** Opening Data to examine block **

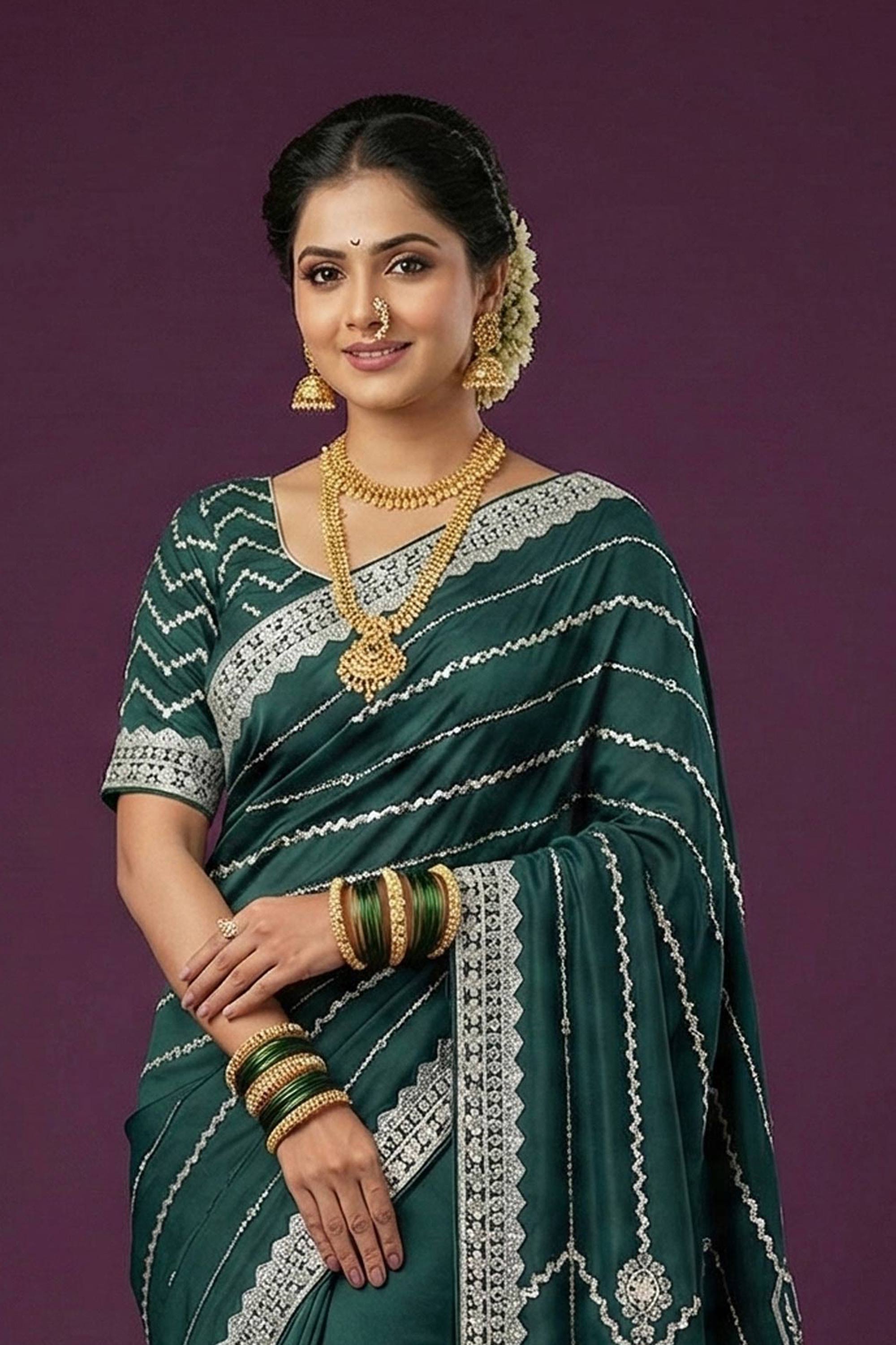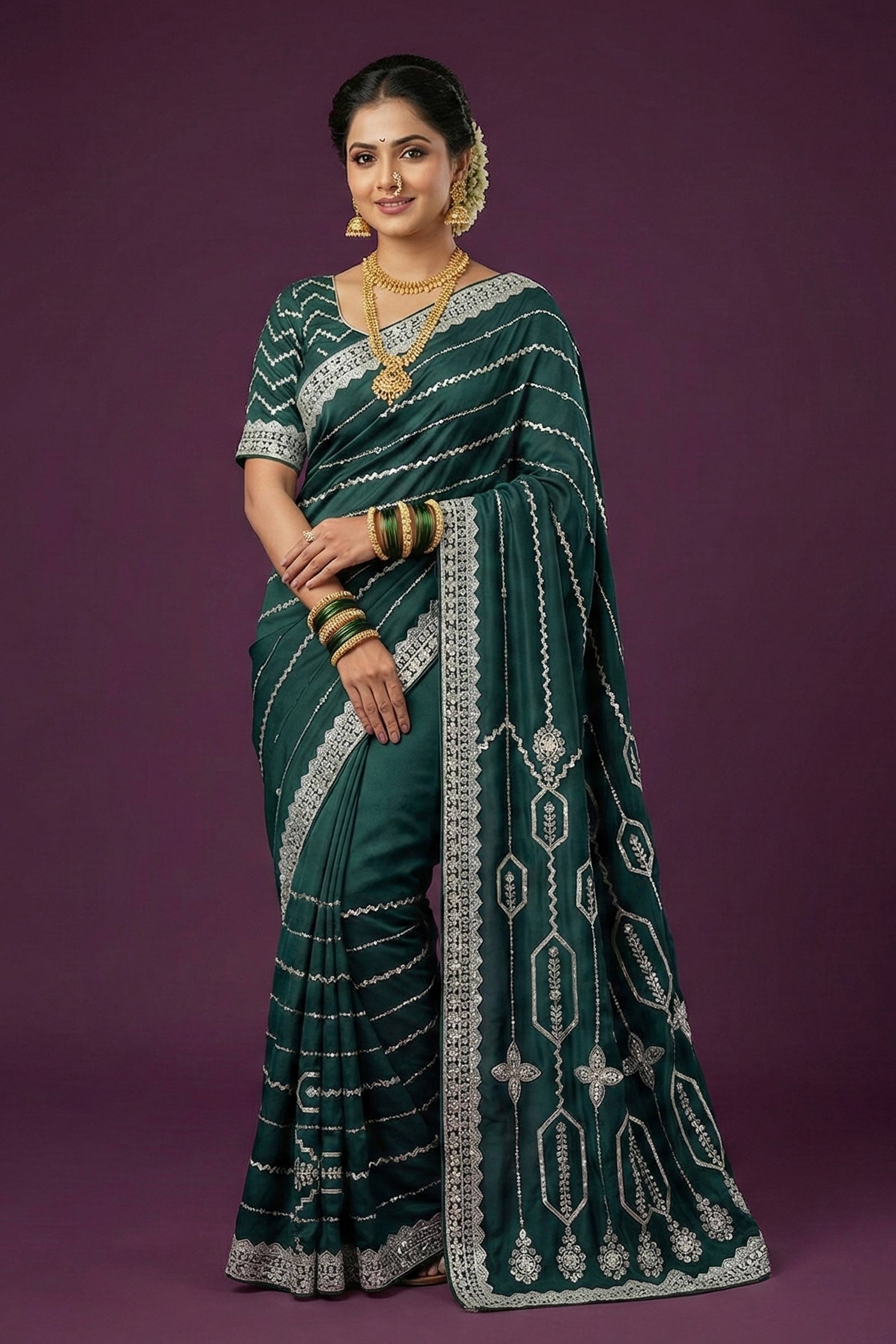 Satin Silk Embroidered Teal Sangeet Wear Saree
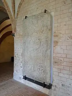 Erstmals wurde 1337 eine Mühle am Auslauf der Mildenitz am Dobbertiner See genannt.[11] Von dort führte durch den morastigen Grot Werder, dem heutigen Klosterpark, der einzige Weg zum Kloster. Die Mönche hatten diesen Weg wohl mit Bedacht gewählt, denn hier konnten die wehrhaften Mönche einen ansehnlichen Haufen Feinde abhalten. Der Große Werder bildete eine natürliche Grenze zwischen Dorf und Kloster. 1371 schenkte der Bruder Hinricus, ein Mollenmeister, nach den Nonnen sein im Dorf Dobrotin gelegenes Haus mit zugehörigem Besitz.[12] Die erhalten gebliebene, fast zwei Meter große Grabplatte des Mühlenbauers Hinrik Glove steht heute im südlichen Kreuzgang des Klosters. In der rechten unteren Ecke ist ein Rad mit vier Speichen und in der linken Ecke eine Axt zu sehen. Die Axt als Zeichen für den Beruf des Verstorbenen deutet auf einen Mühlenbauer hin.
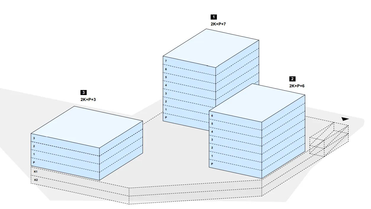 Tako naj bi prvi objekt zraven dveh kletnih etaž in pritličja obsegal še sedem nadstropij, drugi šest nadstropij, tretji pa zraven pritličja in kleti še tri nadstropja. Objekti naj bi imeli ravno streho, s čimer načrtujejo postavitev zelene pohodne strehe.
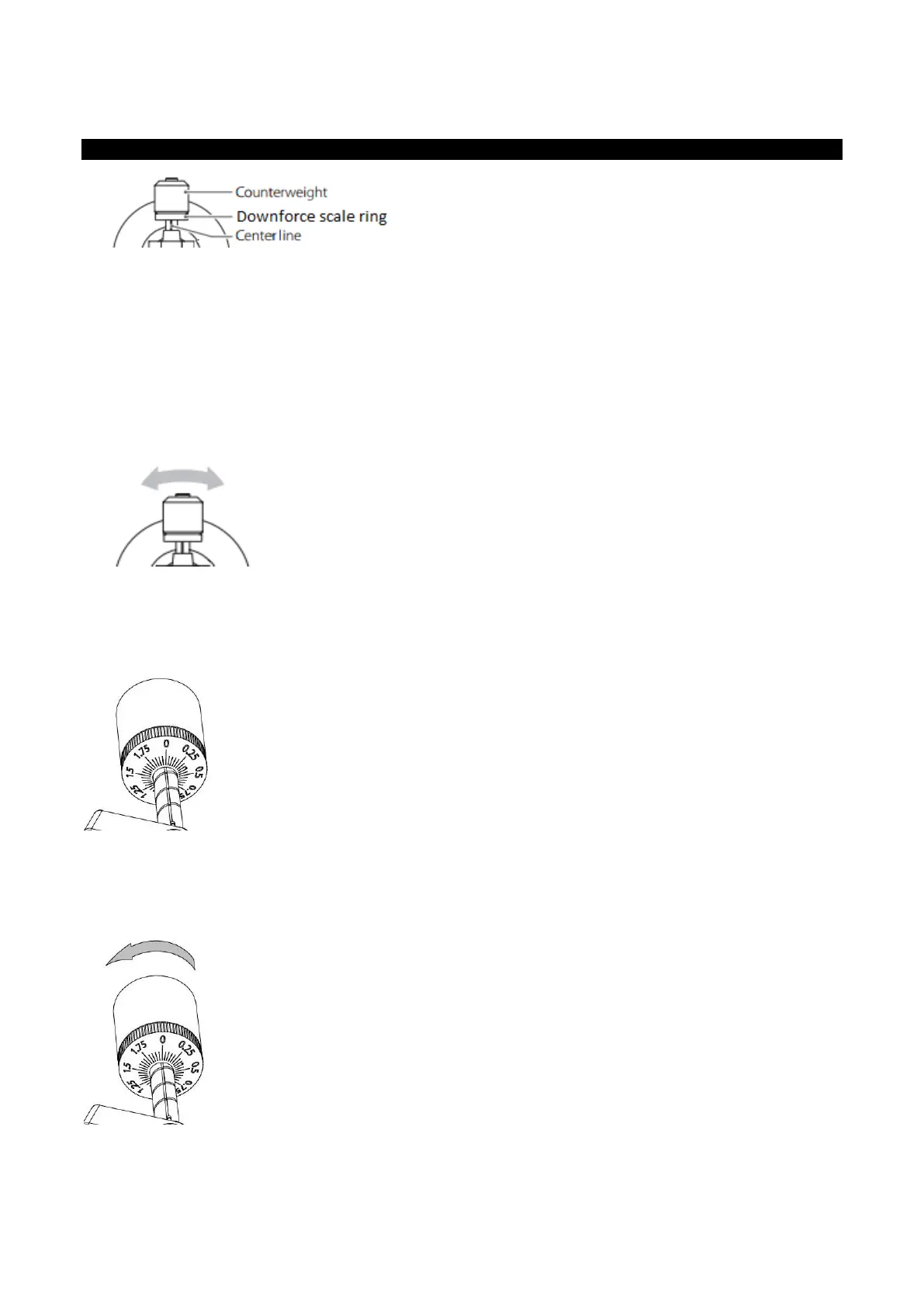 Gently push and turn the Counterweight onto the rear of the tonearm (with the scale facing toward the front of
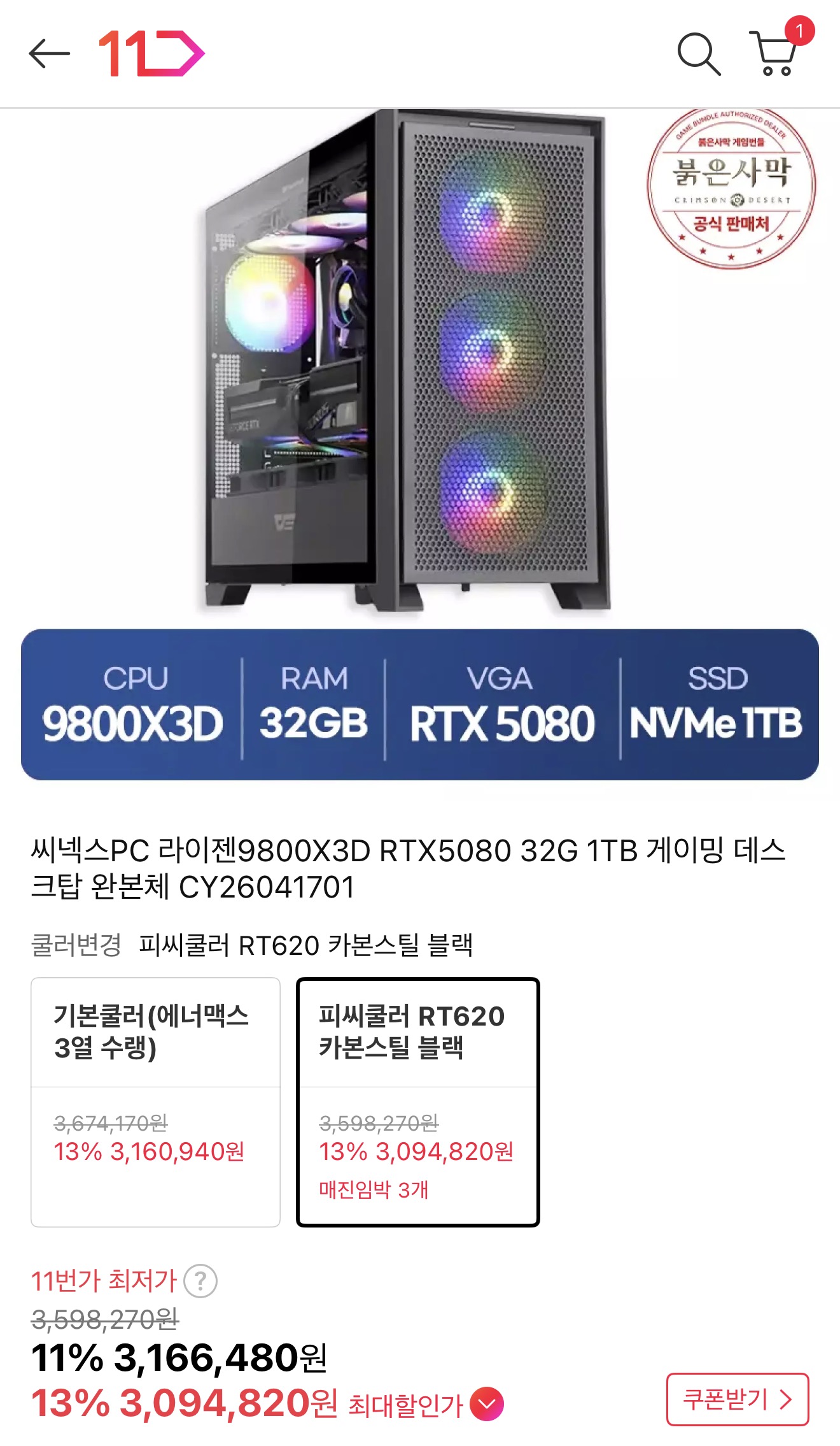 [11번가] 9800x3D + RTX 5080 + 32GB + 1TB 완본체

** Closing Data to examine block **

» **Problem description**
Apart from the pictures, the material above has to be repeated exactly.

» **Output of the task**
 Satin Silk Embroidered Teal Sangeet Wear Saree
 Erstmals wurde 1337 eine Mühle am Auslauf der Mildenitz am Dobbertiner See genannt.[11] Von dort führte durch den morastigen Grot Werder, dem heutigen Klosterpark, der einzige Weg zum Kloster. Die Mönche hatten diesen Weg wohl mit Bedacht gewählt, denn hier konnten die wehrhaften Mönche einen ansehnlichen Haufen Feinde abhalten. Der Große Werder bildete eine natürliche Grenze zwischen Dorf und Kloster. 1371 schenkte der Bruder Hinricus, ein Mollenmeister, nach den Nonnen sein im Dorf Dobrotin gelegenes Haus mit zugehörigem Besitz.[12] Die erhalten gebliebene, fast zwei Meter große Grabplatte des Mühlenbauers Hinrik Glove steht heute im südlichen Kreuzgang des Klosters. In der rechten unteren Ecke ist ein Rad mit vier Speichen und in der linken Ecke eine Axt zu sehen. Die Axt als Zeichen für den Beruf des Verstorbenen deutet auf einen Mühlenbauer hin.
 Tako naj bi prvi objekt zraven dveh kletnih etaž in pritličja obsegal še sedem nadstropij, drugi šest nadstropij, tretji pa zraven pritličja in kleti še tri nadstropja. Objekti naj bi imeli ravno streho, s čimer načrtujejo postavitev zelene pohodne strehe.
 Gently push and turn the Counterweight onto the rear of the tonearm (with the scale facing toward the front of
 [11번가] 9800x3D + RTX 5080 + 32GB + 1TB 완본체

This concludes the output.